True random is always better. Unfortunately, it is much harder. The commonly used technique is that at boot time, the system tries to gather as much random values as it can: the date and time (not random at all but it allways changes, and it is to guess at what time (with millesecond precision) the random subsystem asked it, optionally, it can try to gather random values from the network, from the disk, or from the operator if the system can only be manually booted.

From that, it initializes its own system seed. Application that do nor require reproducible sequences can just rely on that system sequence.

Giving a seed is mainly of interest for tests. If you want to control the output of an algorithm using random values, using a specific seed allows to always receive the same sequence, and because of that to alway get the same output value which can then be easily controled. But for production code, you should never give yourself a seed.

Serge Ballesta
  • 25,636
  • 4
  • 42
  • 84
  • You've brought up something very important that i was not paying attention to at all. Even if a seed was a random source allocated via srand() or the like, it is still not a good practice. I'll keep that in mind. thank you. I understood it, but my reasoning was only one dimensional in that srand() used system time, which isn't random. but even if the seed was random, we should not use a seed, correct? – mindoverflow Dec 24 '21 at 15:52
  • 1
    Millisecond precision? Modern x86 systems have sub-nanosecond precision in their `rdtsc` timestamps; the TSC frequency is (usually well) over 1GHz, and fine-grained so it doesn't skip counts and leave low bits always zero. I assume any modern embedded system would have at *least* microsecond timestamp capability, if not something equivalent to x86. (Of course, most embedded systems that need a CSPRNG should use some kind of true RNG source; the timing of bootup events tends to be very repeatable inside an embedded system so there's not much entropy before e.g. getting (encrypted) wifi up.) – Peter Cordes Dec 25 '21 at 06:54
1

In matters of security asking the right questions is extremely important, as is asking clear and precise questions. Learning how to ask these questions is difficult so I will try to restate your questions in more precise terms as well as answer some questions that I think will help further your understanding.

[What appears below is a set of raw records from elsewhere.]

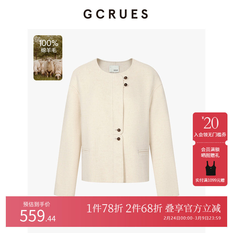 GCRUES商场同款小香毛呢外套女2025圆领短款双面呢 G09D12A2052
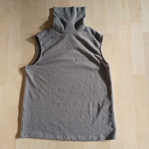 Dejlig blød ærmeløs top med rullekrave. Længde fra nakken og ned 58 cm. Fin stand. Har samme model i grå. Køb begge for 60 kr.
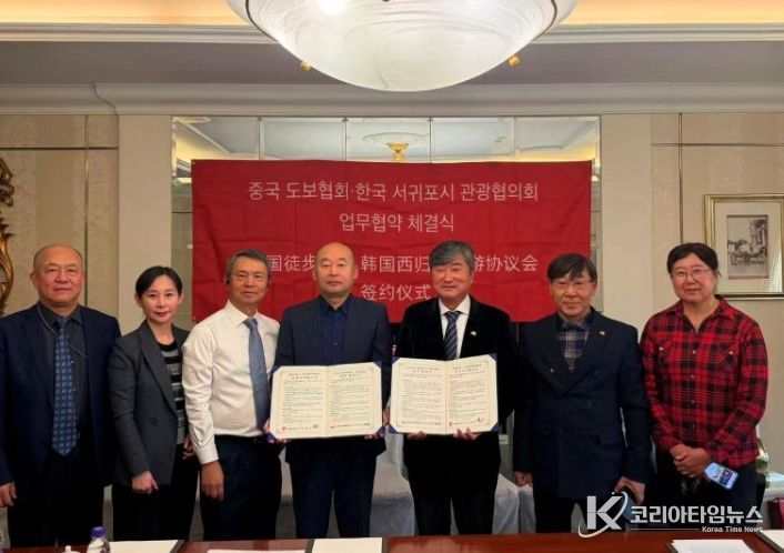 코리아타임뉴스 이아름 기자 | (사)서귀포시관광협의회는 중국걷기협회와 3일, 북경 베이징 구루 접견실에서 양 기관이 주관하는 유채꽃 국제걷기대회와 북경 걷기대회를 성공적으로 추진하기 위해 업무협약을 체결했다고 밝혔다.

  1. Does the fact that the time-of-day seed overflows create a security vulnerability?

Basically no. I don't know of any modern system whose random seed overflows every 24 hours. Some old BASIC implementations did this. The main attack I can think of is to cause the program to run at the same time the next day, and you will get the same sequence of random numbers.

  1. Does the fact that the time-of-day is used as a seed create a security vulnerability?

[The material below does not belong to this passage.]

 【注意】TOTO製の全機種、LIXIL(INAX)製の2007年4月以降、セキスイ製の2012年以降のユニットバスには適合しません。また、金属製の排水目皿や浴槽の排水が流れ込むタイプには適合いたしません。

Absolutely. If a program runs srand(time(NULL)) and you know it started 2 hours ago, plus or minus 2 minutes, you know that it got seeded with one of 240 possible values, and you can easily brute force all 240 values, and if you can observe a couple of outputs you can quickly determine which of these seeds was the actual one and how far along in the sequence it has gone.

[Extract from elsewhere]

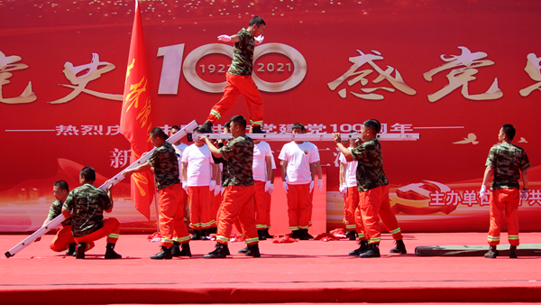 新林林業(yè)局黨委副書記、局長張鶴松為演出致辭。演出在森林消防二大隊(duì)隊(duì)員激昂的鼓聲中拉開了帷幕,本次文藝匯演共13個(gè)節(jié)目,通過歌舞、詩朗誦、快板、大合唱等形式,回顧黨的光輝歷程,謳歌黨的豐功偉績(jī)。
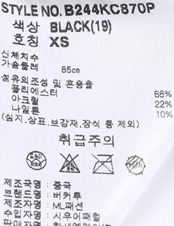 | 세탁방법 및 취급시 주의사항 | 본 제품은 반드시 드라이크리닝 하십시오.(세탁라벨참고) |

If this program happens to be one that is generating keys based on that seed alone, you can re-run the program with each of those 240 values and one of them will give the exact same keys.

  1. So what if we give a "true" random seed to a pseudo-random generator?

This is definitely better but is not necessarily good enough. Some PRNGs are "stronger" than others, but if you observe enough outputs of the PRNG you can eventually deduce the internal entropy value and begin predicting future values. PRNGs are usually designed to be efficient to execute, rather than be cryptographically secure. However there are exceptions.

  1. If we select a pseudorandom location in an audio file, does that give us "true" randomness?

No. The audio file can be considered part of your seed. If you run the same program with the same PRNG seed and the same audio file you will get the same sequence of numbers. Alternatively you can consider the audio file as a "secret" part of your algorithm, which is then security through obscurity.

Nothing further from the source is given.